To deploy a pre-trained LLM model, we first need a Kubernetes cluster with Seldon Core. matcha
tool can help you in provisioning the required resources. See the section above on how to set this up.
Apply the prepared kubernetes manifest to deploy the model:
kubectl apply -f infrastructure/llm_k8s/seldon-deployment.yaml
This will create a Seldon deployment, which consists of:
- Pod, that loads the pipeline and the model for inference
- Service and ingress routing, for accessing it from the outside
You can get ingress IP with matcha:
matcha get model-deployer base-url
Full URL to query the model:
http://<INGRESS_IP>/seldon/matcha-seldon-workloads/llm/v2/models/transformer/infer
The expected payload structure is as follows:
{
"inputs": [
{
"name": "array_inputs",
"shape": [-1],
"datatype": "string",
"data": "Some prompt text"
}
]
}
To run the monitoring service on your local machine, we'll utilise docker-compose. This will initialise two services - the metric service interface, which listens for POST and GET requests, and the metric database service.
To run docker-compose:
docker-compose -f monitoring/docker-compose.yml up
Once the two containers has started, we can curl our metric service from the outside.
curl localhost:5000/
# This should return a default message saying "Hello world from the metric service."
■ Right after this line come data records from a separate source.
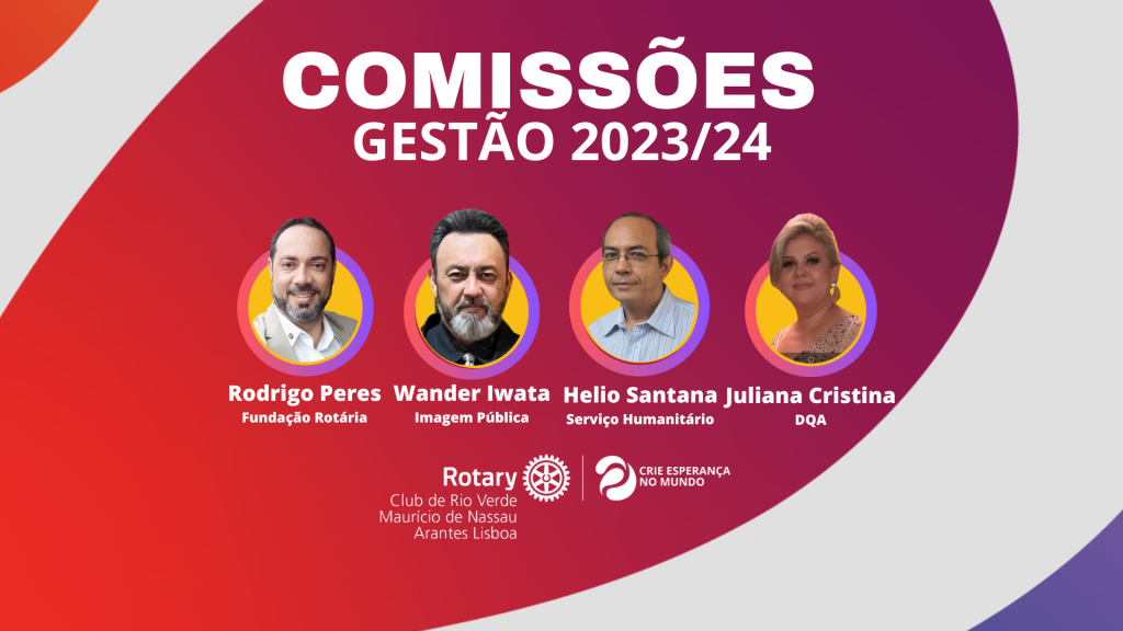 Apresento a todos o Conselho Diretor e Comissões Gestão 2023-24, com o lema "CRIE ESPERANÇA NO MUNDO". Acredito que esse lema reflita nosso propósito como rotarianos e a capacidade que temos de fazer a diferença na vida das pessoas e nas comunidades que servimos. Ao criar esperança, podemos transformar vidas e contribuir para um mundo melhor.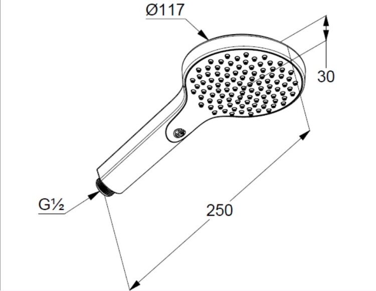 Ручной душ, Kludi, DIVE X, 1S, размер душевого диска, мм-117, форма-круглая, количество режимов-1, тип струи-бодрящая, резьбовое соединение G 1/2, прокладка с сеточкой, цвет-хром Ручной душ, Kludi, DIVE X, 1S, 117, цвет-хром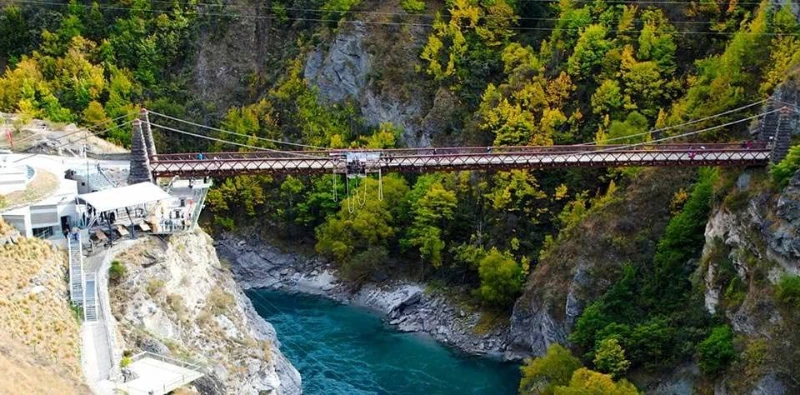 Le pont suspendu des gorges de Kawarau, près de Queenstown en Nouvelle-Zélande, est un lieu légendaire : c'est ici qu'est né le saut à l'élastique commercial moderne. Construit en mille huit cent quatre-vingts pour la ruée vers l'or, il s'élève à quarante-trois mètres au-dessus des eaux turquoise de la rivière Kawarau.

curl -X POST localhost:5000/readability -H "Content-Type: application/json" -d '{"response": "test_response"}'
# This should compute a readability score and insert the score into the "Readability" relation. We should also expect the following response message:
"{"message":"Readability data has been successfully inserted.","score":36.62,"status_code":200}
curl -X POST localhost:5000/embedding_drift -H "Content-Type: application/json" -d '{"reference_dataset": "1.1", "current_dataset": "1.2", "distance": 0.1, "drifted": true}'
# This should insert the embedding drift data to our "EmbeddingDrift" relation. If success, we should see the following response message:
"{"message":"Validation error: 'reference_dataset is not found in the data dictionary.'","status_code":400}"
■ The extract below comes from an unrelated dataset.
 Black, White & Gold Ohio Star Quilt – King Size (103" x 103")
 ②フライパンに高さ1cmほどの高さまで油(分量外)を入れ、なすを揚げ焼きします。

# We can also query our database with:
curl localhost:5000/query_readability
We've created a notebook which accesses the monitoring service, fetches the metrics, and creates some simple plots showing the change over time.
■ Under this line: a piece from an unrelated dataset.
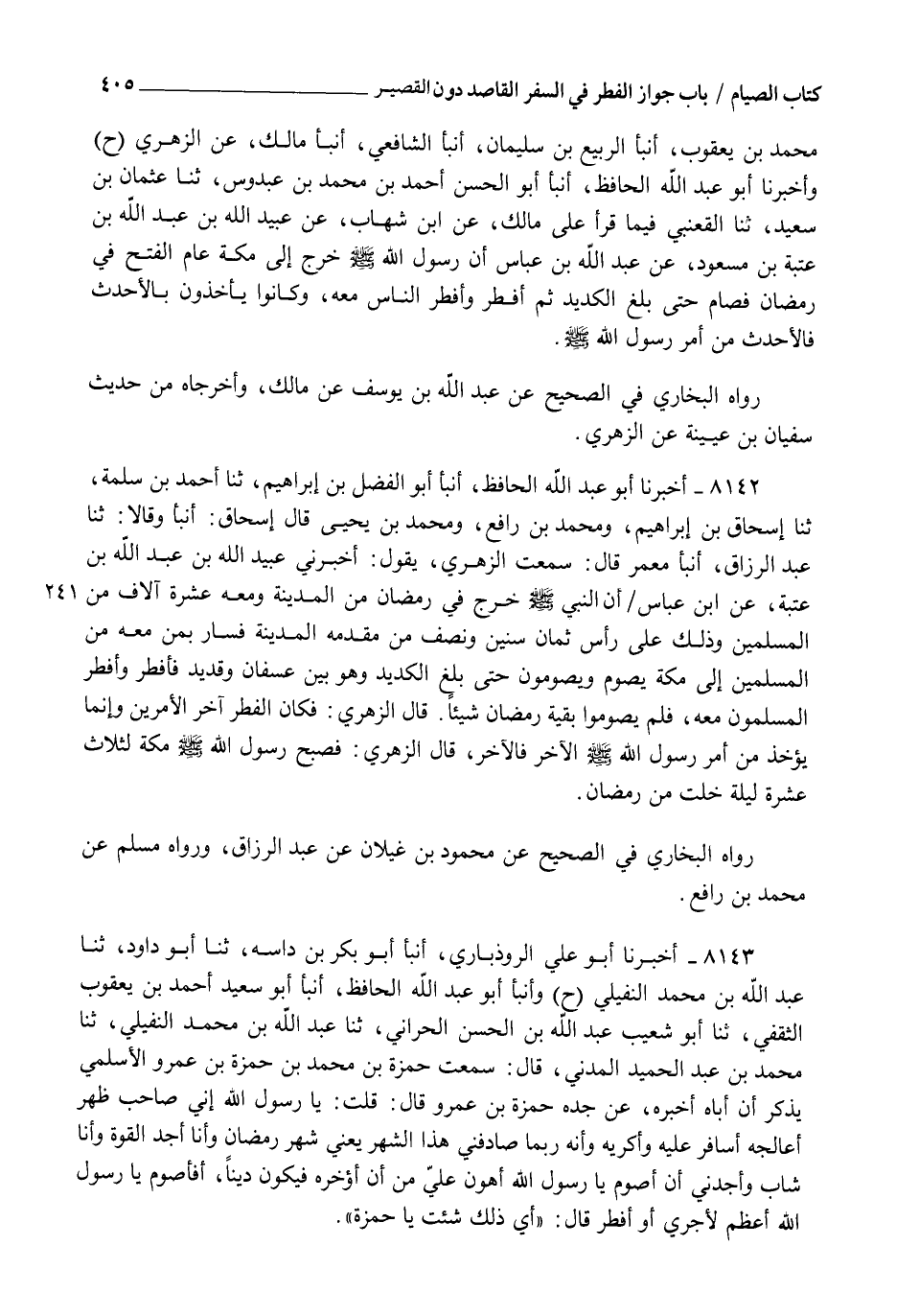 8143 - أَخْبَرَنَا أَبُو عَلِيٍّ الرُّوذْبَارِيُّ، أنبأ أَبُو بَكْرِ بْنُ دَاسَةَ، ثنا أَبُو دَاوُدَ، ثنا عَبْدُ اللهِ بْنُ مُحَمَّدٍ النُّفَيْلِيُّ، ح وَأنبأ أَبُو عَبْدِ اللهِ الْحَافِظُ، أنبأ أَبُو سَعِيدٍ أَحْمَدُ بْنُ يَعْقُوبَ الثَّقَفِيُّ , ثنا أَبُو شُعَيْبٍ عَبْدُ اللهِ بْنُ الْحَسَنِ الْحَرَّانِيُّ، ثنا عَبْدُ اللهِ بْنُ مُحَمَّدٍ النُّفَيْلِيُّ، ثنا مُحَمَّدُ بْنُ عَبْدِ الْحَمِيدِ الْمَدَنِيُّ، قَالَ: سَمِعْتُ حَمْزَةَ بْنَ مُحَمَّدِ بْنِ حَمْزَةَ بْنِ عَمْرٍو الْأَسْلَمِيَّ، يَذْكُرُ أَنَّ أَبَاهُ أَخْبَرَهُ، عَنْ جَدِّهِ حَمْزَةَ بْنِ عَمْرٍو , قَالَ: قُلْتُ: يَا رَسُولَ اللهِ، إِنِّي صَاحِبُ ظَهْرٍ أُعَالِجُهُ، أُسَافِرُ عَلَيْهِ وَأُكْرِيهِ، وَأَنَّهُ رُبَّمَا صَادَفَنِي هَذَا الشَّهْرُ، يَعْنِي شَهْرَ رَمَضَانَ، وَأَنَا أَجِدُ الْقُوَّةَ وَأَنَا شَابٌّ، وَأَجِدُنِي أَنْ §أَصُومَ يَا رَسُولَ اللهِ، أَهْوَنُ عَلَيَّ مِنْ أَنْ أُؤَخِّرَهُ فَيَكُونَ دَيْنًا، أَفَأَصُومُ يَا رَسُولَ اللهِ أَعْظَمَ لِأَجْرِي أَوْ أُفْطِرُ؟ قَالَ: " أِيَّ ذَلِكَ شِئْتَ يَا حَمْزَةُ " -[406]- لَفْظُ حَدِيثِ أَبِي عَبْدِ اللهِ، وَفِي رِوَايَةِ الرُّوذْبَارِيِّ: " أِيَّ ذَلِكَ شِئْتَ يَا حَمْزَةُ " وَفِي هَذَا دَلَالَةٌ عَلَى جَوَازِ الْفِطْرِ فِي السَّفَرِ الْمُبَاحِ

This is a starting point for accessing the metrics, and we're planning to introduce a hosted dashboard version of these plots at some point in the future.
To deploy the Streamlit application on AKS, we first need to build a Docker image and then push it to ACR.
Note: Run the following command from the root of the project.
Verify that you are in the root of the project.
pwd
/home/username/MindGPT
We build and push the streamlit application to ACR. This image will be used by Kubernetes deployment. Before that, we need to set two bash variables, one for ACR registry URI and another for ACR registry name. We will use matcha get
command to do this.
acr_registry_uri=$(matcha get container-registry registry-url --output json | sed -n 's/.*"registry-url": "\(.*\)".*/\1/p')
acr_registry_name=$(matcha get container-registry registry-name --output json | sed -n 's/.*"registry-name": "\(.*\)".*/\1/p')
Now we're ready to login into ACR, build and push the image to the ACR.
az acr login --name $acr_registry_name
docker build -t $acr_registry_uri/mindgpt:latest -f app/Dockerfile .
docker push $acr_registry_uri/mindgpt:latest
Line number 19 in streamlit-deployment.yaml should be updated to match the Docker image name which we've just pushed to the ACR, and it will need to be in the following format: <name-of-acr-registry>.azurecr.io/mindgpt
.
Next, we apply the Kubernetes manifest to deploy the streamlit application on AKS.
kubectl apply -f infrastructure/streamlit_k8s
Finally, we verify the streamlit application. The command below should provide an IP address for the streamlit application.
kubectl get service streamlit-service -o jsonpath='{.status.loadBalancer.ingress[0].ip}'
If you visit that URL in browser, you should be able to interact with the deployed streamlit application.
This project wouldn't be possible without the exceptional content on both the Mind and NHS Mental Health websites.
This project is released under the Apache License. See LICENSE.